Read an Excerpt
Chapter 1
Quirke did not recognize the name. it seemed familiar but he could not put a face to it. Occasionally it happened that way; someone would float up without warning out of his past, his drinking past, someone he had forgotten, asking for a loan or offering to let him in on a sure thing or just wanting to make contact, out of loneliness, or only to know that he was still alive and that the drink had not done for him. Mostly he put them off, mumbling about pressure of work and the like. This one should have been easy, since it was just a name and a telephone number left with the hospital receptionist, and he could have conveniently lost the piece of paper or simply thrown it away. Something caught his attention, however. He had an impression of urgency, of unease, which he could not account for and which troubled him.
Billy Hunt.
What was it the name sparked in him? Was it a lost memory or, more worryingly, a premonition?

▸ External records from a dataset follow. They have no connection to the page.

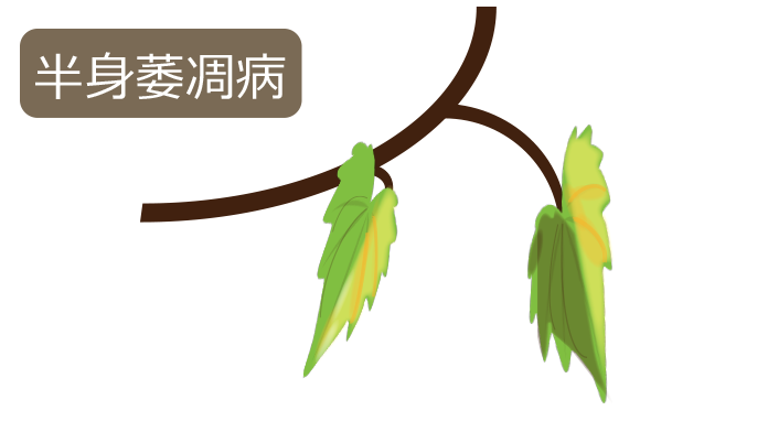 糸状菌が原因の主に土壌伝染性の病気です。株の片側の葉だけが黄色くしおれ、葉のふちが上側に巻き上がります。酷くなると株全体の葉がしおれて枯れます。良く似た症状で萎凋が見られない場合は半枯病という他の病気です。
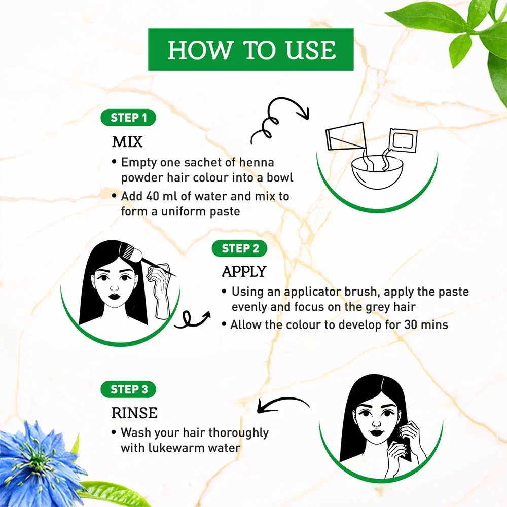 - تغطية رمادية بنسبة 100%، مرطب حناء نقي، خالٍ من الأمونيا
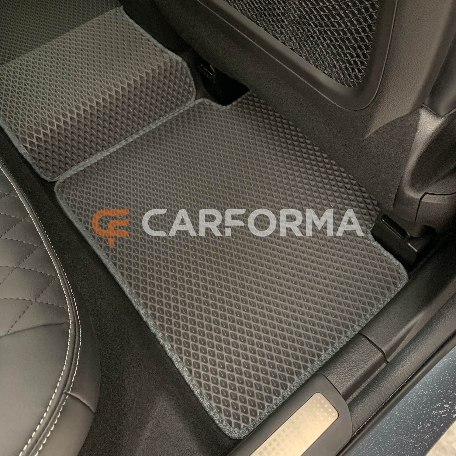 Автоковрики ЕВА не впитывают, а удерживают грязь в ячейках. Вода не катается по полу, как в резиновых половичках, однако, её все равно видно. ЕВА удобны тем, что их легко достать не пролив и вытряхнуть. Они дешевле.
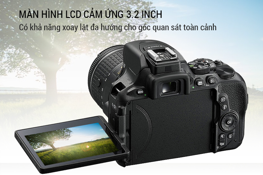 Máy Ảnh Nikon D5600 KIT AF-P 18-55 VR với ngoại hình khá gọn nhẹ, tiện dụng cho người dùng mới làm quen với dòng máy ảnh DSLR. Máy trang bị màn hình LCD 3.2 inch 1 triệu điểm ảnh có khả năng xoay lật đa hướng cho góc quan sát toàn cảnh. Màn hình cảm ứng cho khả năng thiết lập các thông số một cách dể dàng. Bên cạnh đó, máy còn được trang bị một viewfinder quang học có độ bao phủ 95% với độ phóng đại 0.82x.
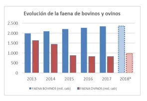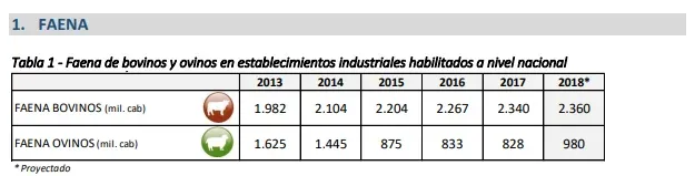 En el caso de los ovinos, la faena industrial sería superior a la registrada en 2017, ubicándose próxima a 980 mil cabezas. Sería la mayor de los últimos cuatro años pero aún por debajo del millón de animales faenados.
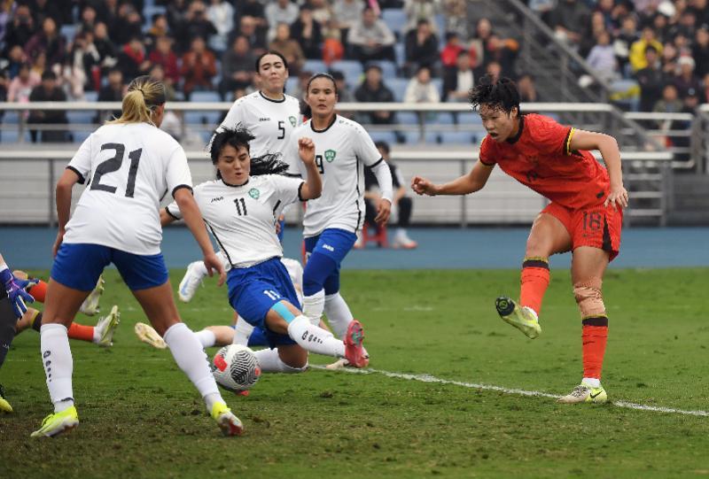 2025年4月5日,永川国际女足锦标赛,中国队球员邵子钦(右一)攻破乌兹别克斯坦队大门。新华社发

He put the scrap of paper on a corner of his desk and tried to ignore it. At the dead center of summer the day was hot and muggy, and in the streets the barely breathable air was laden with a thin pall of mauve smoke, and he was glad of the cool and quiet of his windowless basement office in the pathology department. He hung his suit jacket on the back of his chair and pulled off his tie without undoing the knot and opened two buttons of his shirt and sat down at the cluttered metal desk. He liked the familiar smell here, a combination of old cigarette smoke, tea leaves, paper, formaldehyde, and something else, musky, fleshly, that was his particular contribution.

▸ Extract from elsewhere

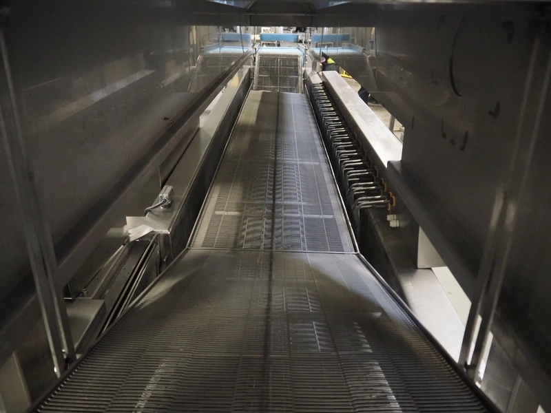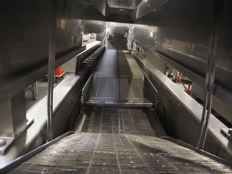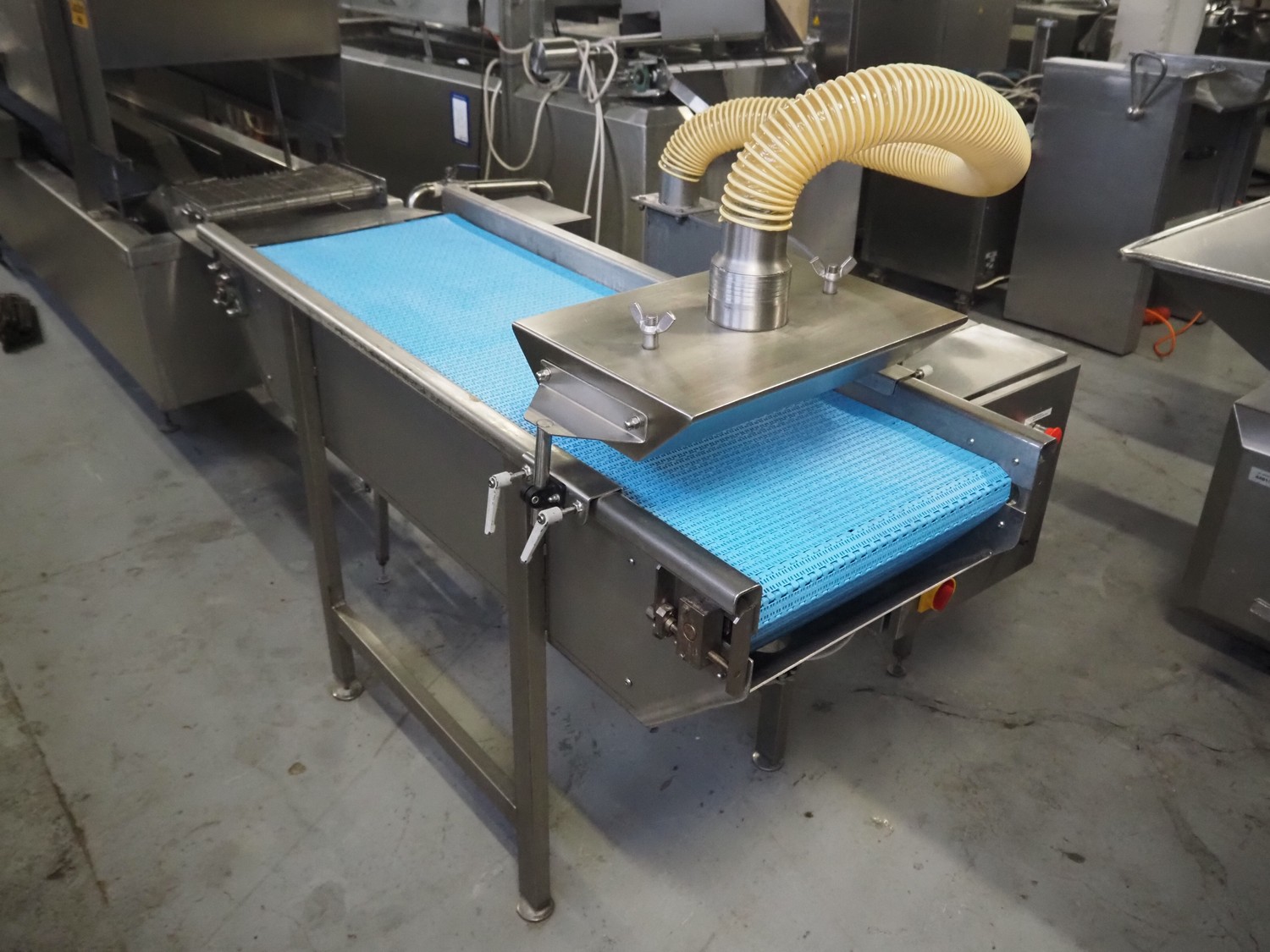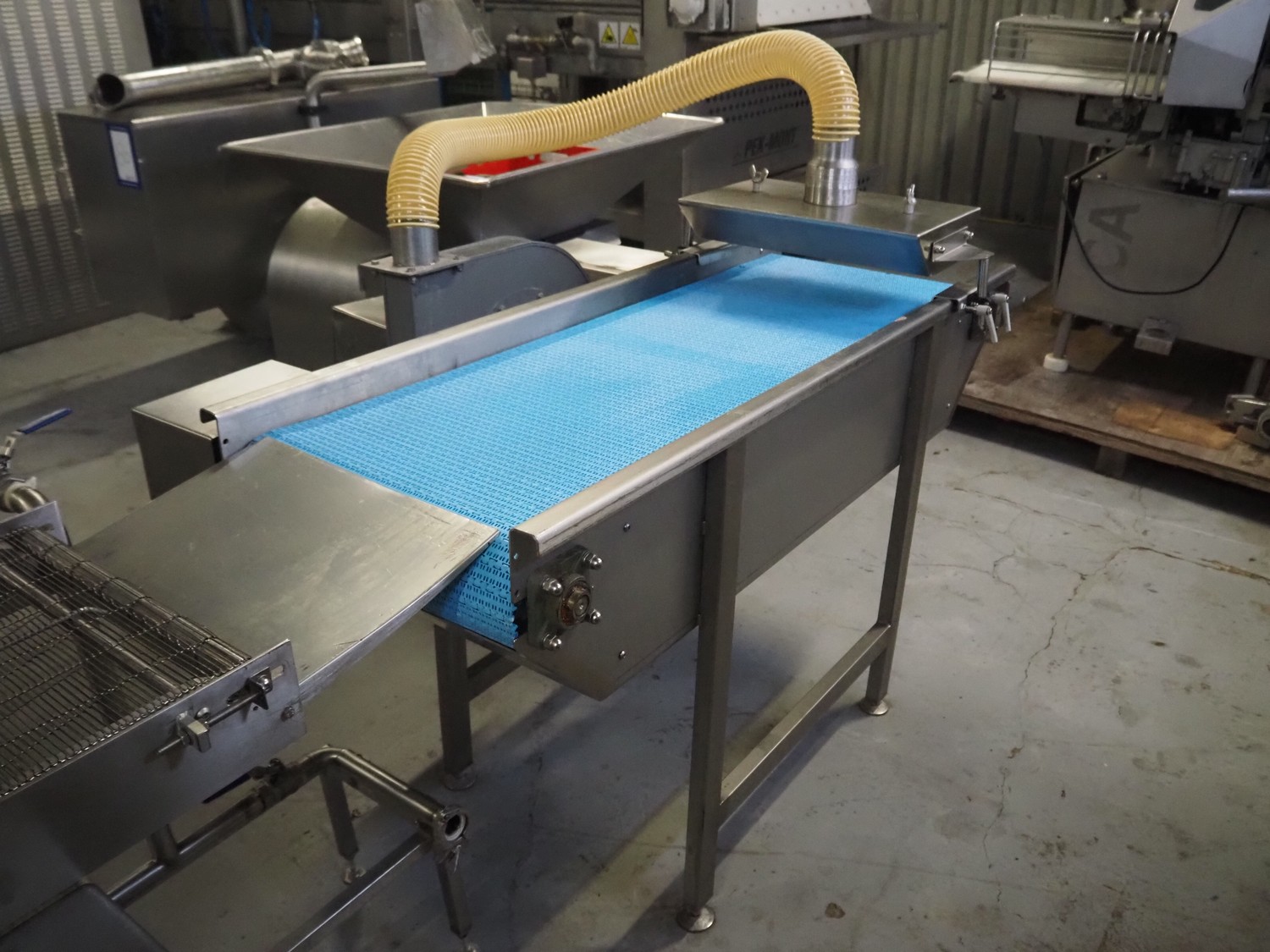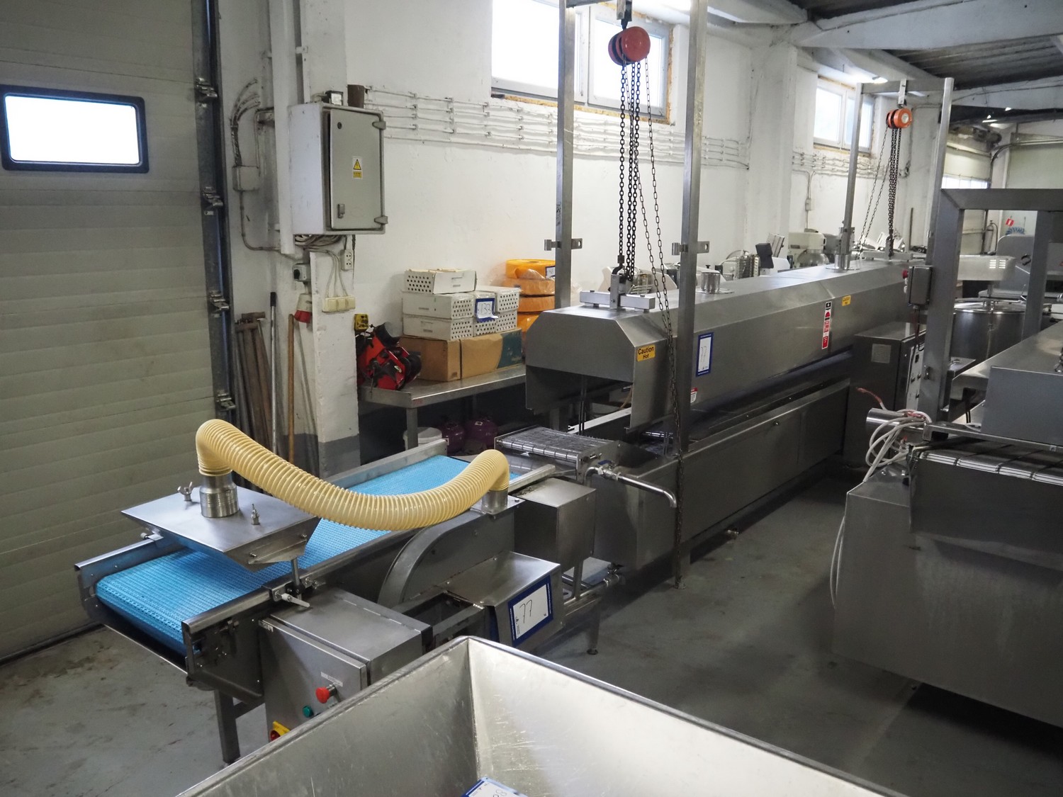 Bulldog frying tunnel, s/s mesh belt, belt width: 400 mm, total dimensions: 5600 mm x 1200 mm x 2800. Including Normit belt with blower, type: CC air-cooling belt, number: 298114, year of construction: 2017, plastic belt, belt width: 495 mm, total dimensions: 1500 mm x 1100 mm x 1300 mm.

He lit a cigarette and his eye drifted again to the paper with Billy Hunt’s message on it. Just the name and the number that the operator had scribbled down in pencil, and the words “please call.” The sense of urgent imploring was stronger than ever. Please call.
For no reason he could think of he found himself remembering the moment in McGonagle’s pub half a year ago when, dizzily drunk amidst the din of Christmas reveling, he had caught sight of his own face, flushed and bulbous and bleary, reflected in the bottom of his empty whiskey glass and had realized with unaccountable certitude that he had just taken his last drink. Since then he had been sober. He was as amazed by this as was anyone who knew him. He felt that it was not he who had made the decision, but that somehow it had been made for him. Despite all his training and his years in the dissecting room he had a secret conviction that the body has a consciousness of its own, and knows itself and its needs as well as or better than the mind imagines that it does. The decree delivered to him that night by his gut and his swollen liver and the ventricles of his heart was absolute and incontestable. For nearly two years he had been falling steadily into the abyss of drink, falling almost as far as he had in the time, two decades before, after his wife had died, and now the fall was broken—
Squinting at the scrap of paper on the corner of the desk, he lifted the telephone receiver and dialed. The bell jangled afar down the line.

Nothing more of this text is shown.